OVER ACTIVISM

Vigilante gone bonkers
Yogesh Sadhwani

The culture of vigilantism and mob justice that’s seeping into urban life after numerous such incidents in smaller districts across India, claimed another victim on a Mumbai local train.
Amruta, who had given birth to her fourth child just three days before, boarded the ladies compartment of the CST-Kalyan local with her newborn at around 8.30 pm at Dadar station. Her husband Maltan, a small-time supplier of jewellery parts, got on the general compartment next door, as the family headed towards their kacha tin-sheet house in Dombivli’s pathrali locality.
No sooner did she get on the train than the problem began – her only sin that her graying hair made her look much older than 42. Amruta’s companions in the compartment, intrigued by the four-day-old baby girl in her arms, suspected something was not right in this picture of a new-born child with an ‘old’ woman. Word spread, and in a few minutes, without any evidence or inquiry, the buzz in the compartment was that Amruta had stolen the baby, probably from a government hospital.
Almost at once, the passengers decided to rise together to effect justice of right and wrong. "They started accusing of me having stolen the baby. Despite my telling them time and again that she was my daughter, they didn’t believe me," Amruta said.
Convinced that they’d nabbed a child-thief, they told Amruta that a woman of her age could not have given birth to the child. They called her names, insisted that she get off at the next station and accompanied to the cops.
Amruta explained that her husband was in the next compartment and she would get off at Dombivli. But throughout the hour-long journey, the women kept at it. "They insisted that I hand over the girl to them. If some women got off at a station, others got on and started heckling me. Everybody just ganged up, no matter when they boarded," she said.
Cops no different
When Amruta eventually got off at Dombivli, about 15 other women who were also getting off at the station, caught her and dragged her to the railway police. Her husband Maltan, who got off from the next compartment, noticed the commotion but couldn’t get close to intervene because of a fast-gathering crowd around his wife and daughter.
"I could see something was wrong. The women were holding my wife trying to snatch our daughter from her," he said. Maltan followed the crowd to the railway police post and tried telling the mob that he was the father of the child but was pushed away. "They said an old man like me cannot father a child at this age."
With a frenzy building up, despite the lack of evidence or foreknowledge the railway police joined in and, instead of shooing the crowd away, bowed to their whim and promised to conduct an investigation. "The commuters believed, that the woman claimed to be the mother, had stolen the baby from a hospital. They kept telling us about a theft at Sion hospital last year and that this woman could be behind it. We had no choice," Sub-Inspector N Dawre said.
The cops ignored Amruta’s pleas for more than two hours, until they made arrangements to send her to the Shastri Nagar Municipal hospital. "It was so humiliating. The doctors carried out an examination. They checked if I was lactating. I had to go through hell, all thanks to women who believed in conspiracy theories and refused to listen to reason," Amruta said, breaking down in tears.
It was only at 1:30 am, after the hospital confirmed that she was indeed the child’s mother, that amruta and her husband were allowed to leave the police station.
No records
The next day, when Maltan went back to the cops to lodge a complaint against the women on the train, he was told that there was no information about their whereabouts, that they had simply handed over his wife and left without even lodging a complaint.

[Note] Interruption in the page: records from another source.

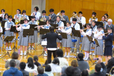 〇吹奏楽部の「スプリングコンサート」が、体育館アリーナで開催されました。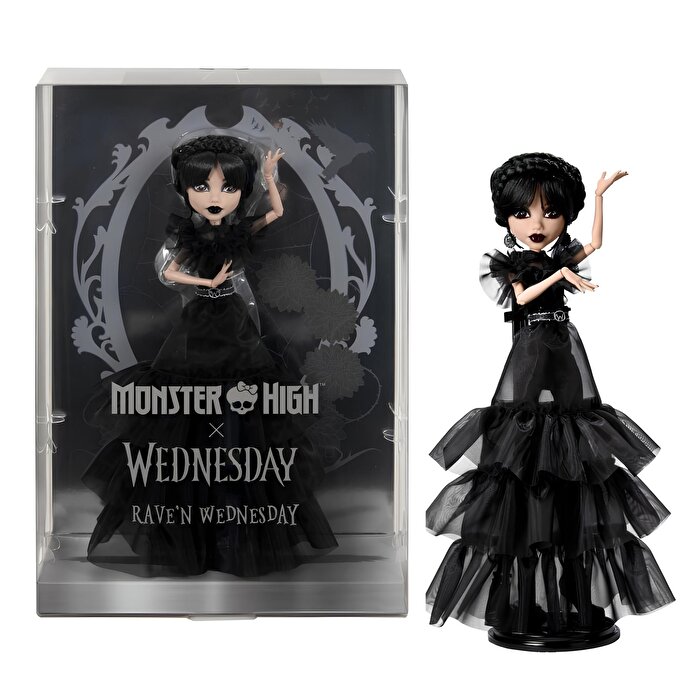 Dizinin ünlü dans sahnesinde karakterin giydiği gotik elbiseden ilham alınarak tasarlanan, koleksiyona uygun Rave'N Wednesday hayranlık uyandıracak kadar etkileyici görünür. Dans için tasarlanan fırfırlı eteği ile Wednesday, gizemli bir şekilde piste çıkmaya hazır!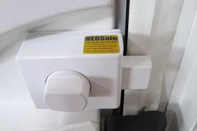 Fechadura adicional HEOSafe® especialmente construída para escotilhas exteriores, portas de garagem, portas exteriores não só para autocaravanas e caravanas, mas também para mercados móveis e food trucks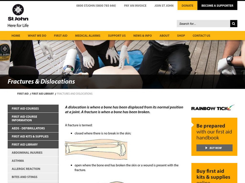 Taken from the pages of the "St. John First Aid Manual," this is a good resource for learning about fractures and their symptoms, and how to take care of them in an emergency situation. Provides definitions of "Closed fracture," "Open...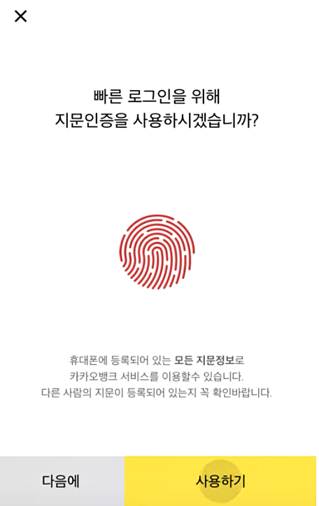 그 후에 실행하면 이름 주민번호로 본인 인증을 하면 됩니다. 이 이후에 다음에 로그인 때 지문으로 로그인할지 패턴으로 할지 비밀번호로 할지 골라주시면 됩니다. 저는 개인적으로 지문이 제일 편하여 늘 지문으로 하고 있습니다.
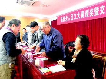 11月11日上午,在烟台市御花园老年公寓,几十位老人端坐台下,正在等待“银龄老人征文大赛颁奖典礼”的举行。据介绍,由烟台市老年学学会和御花园老年公寓联合主办的“银龄风采大家谈”征文活动,以“我们应当怎么样做老人”为主题,共收到投稿作品263篇,其中46篇文章获奖,并由烟台老年学学会汇编成集。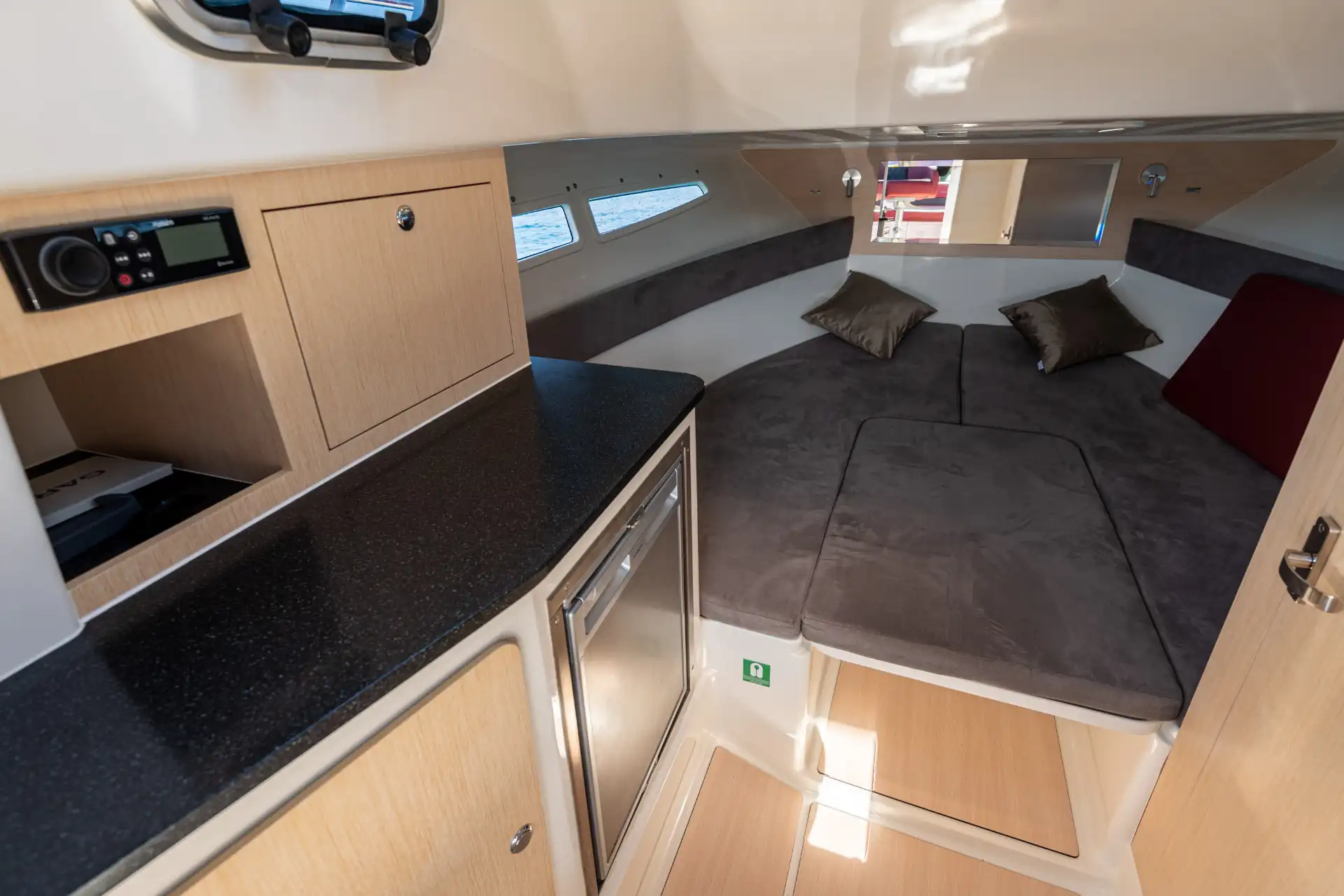 Der großzügige Raum ist optimal genutzt, um sowohl Komfort als auch Funktionalität zu bieten. Auf dem Deck befindet sich eine luxuriöse Sonnen-Lounge, die für Sonnenanbeter konzipiert wurde. In der Kabine finden Sie genug Platz für den einen oder anderen erholsamen Mittagsschlaf.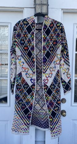 On Blue Aztec Long Hooded Cardigan Sweater Western Boho Eyelash Yarn$70San Diego, CA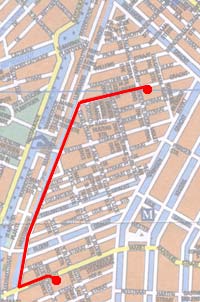 Vanuit het Rozentheater steekt u schuin over (verspilt u vooral geen tijd met uitkijken) en gaat richting West. Bij de Lijnbaansgracht maakt u een scherpe bocht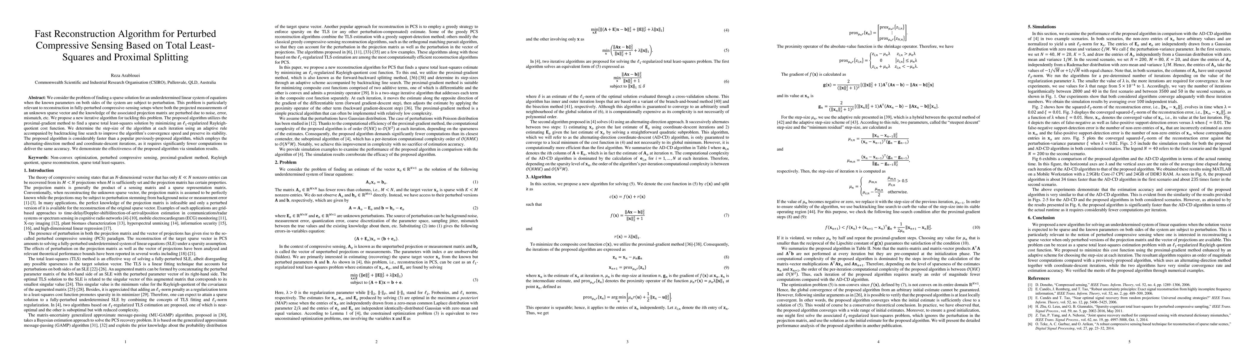 This paper proposes a fast iterative reconstruction algorithm for perturbed compressive sensing using total least-squares and proximal splitting. The algorithm leverages an adaptive step-size and backtracking line search to enhance convergence speed and stability, outperforming previous methods in computational efficiency while maintaining accuracy.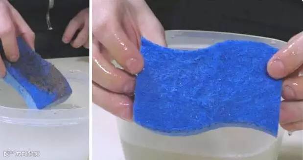 ▼10. 海绵要是刷过烧焦物或是酱汁,难免会染色,只要倒入两杯热水和两汤匙的盐搅拌,放一个晚上再拿起来就变成新的海绵。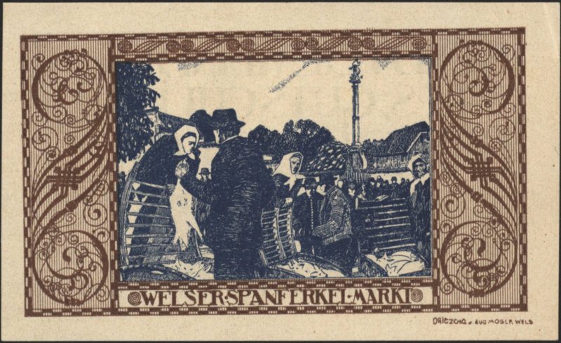| Bijzonderheden: | Stadtgemeinde Umrahmung braun, Bild blau.. Welserspanferkelmarkt |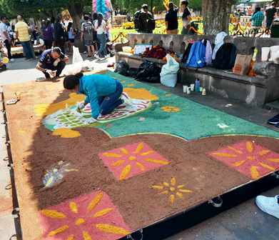 En el paseo que divide la plaza de Armas y la Plaza Juárez, ya hay personas armando y diseñando los también tradicionales tapetes de aserrín pintado, dando forma y creando estampas a través de los colores en polvo.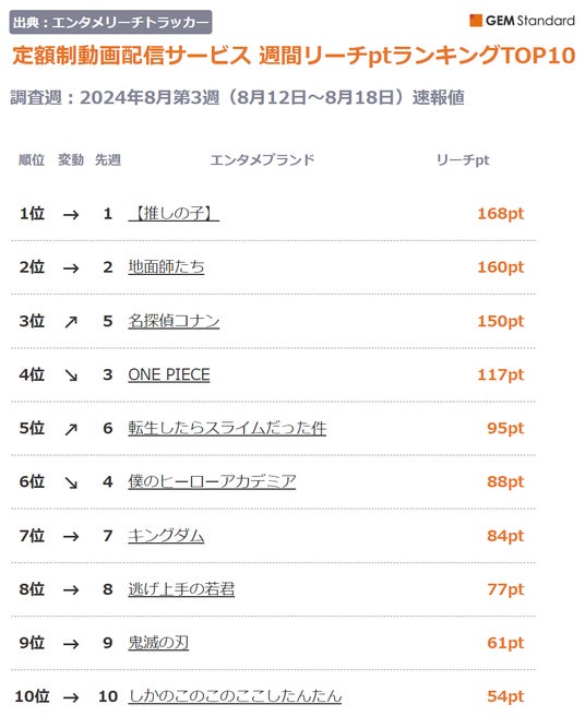 エンタテイメント業界に向けたデータ×デジタルマーケティングサービスを提供するGEM Partners株式会社(ジェムパートナーズ、所在地:東京都港区、代表取締役:梅津文)は8月22日、複数の定額制動画配信サービスを横断集計した2024年8月第3週(8月12日~8月18日)速報値のエンタメブランド別(※1)の週間リーチptランキングTOP10を発表します。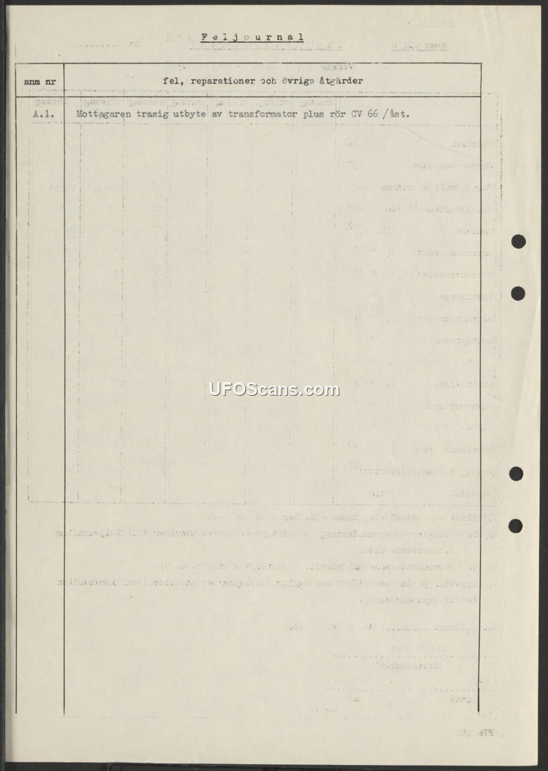 This document is a single-page fault log (Feljournal) written in Swedish. It records a technical maintenance action performed on a piece of equipment identified as a receiver (Mottagaren). The log entry, marked with the reference 'A.1', states that the receiver was broken and required the replacement of a transformer and a vacuum tube of the type CV 66. No further context regarding the nature of the equipment, the location, or the date of the repair is provided in the document.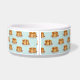 A pattern of delicious pancake stacks on plates, covered in maple syrup and surrounded in polkadots. The background colour is a nice minty green! This fun and tasty pancake pattern is a great gift idea for foodies and pancake lovers alike! Customize this food bowl with the name of your pet on the front.
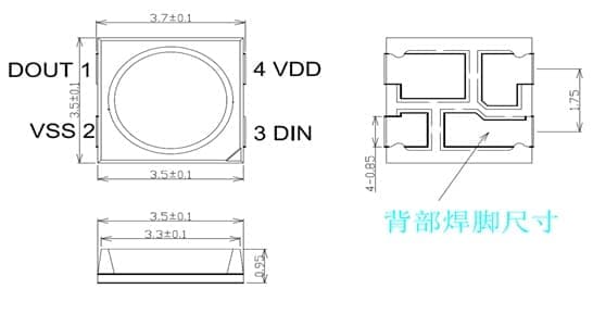 ● 控制电路与RGB芯片集成在SMD 3535元器件中,构成一个完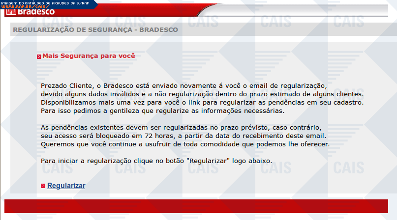 | comentário | Comunicado falso em nome do banco Bradesco informando que a vítima deve realizar uma suposta regularização. O link leva a conteúdo malicioso que já havia sido removido no momento da análise. | |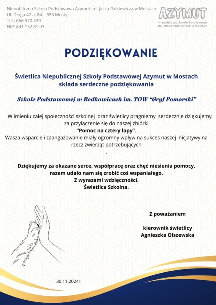 - Podziękowania dla szkoły za serce dla zwierząt.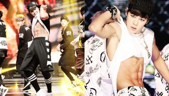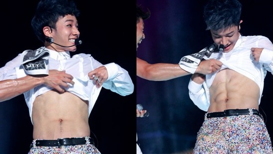 | Hành động hào hứng vạch áo này của Ki Kwang (B2ST) chắc chắn nhận được sự ủng hộ bằng một tràng hú hét của hàng ngàn fan bên dưới. |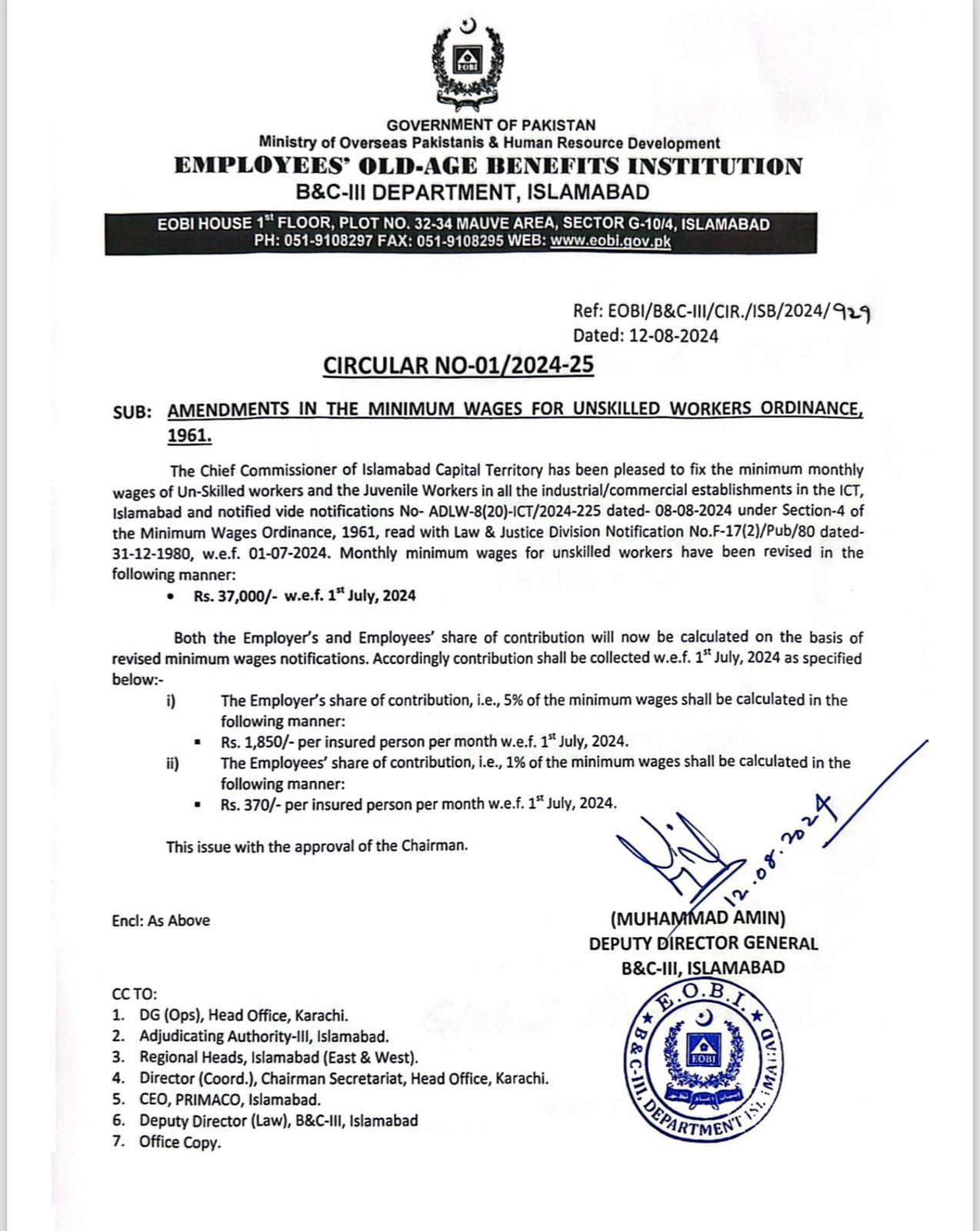 Amendments in the minimum wages for unskilled workers ordinance, 1961.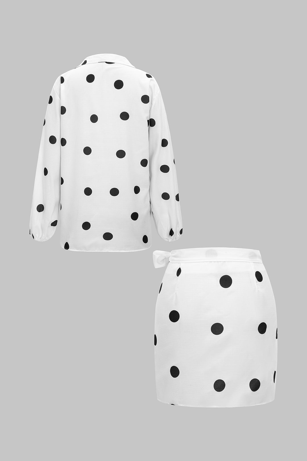 Polka Dots Print Tie-Up Detail Long Sleeve Shirt And Tie Front Mini Skirt Set

When contacted, GRP Deputy Commissioner Ashok Deshbhrtar defended how the cops had handled the problem. "The mob brought the lady to us and demanded a verification. As per the rules, we took her to a Government–run hospital. Since there have been instances of kidnapping, so we didn’t take any risk."
Both advocate Ayaz Khan, who deals with human rights cases, said police should’ve acted with more care, and at least maintained a record so that members of the mob could be brought to book later.
"In such a situation, it’s the duty of the cops to look at both sides. Its difficult to prosecute a whole group of people, but the police needs to note down addresses of people who have come to them, so that an aggrieved person can file a case against the culprits."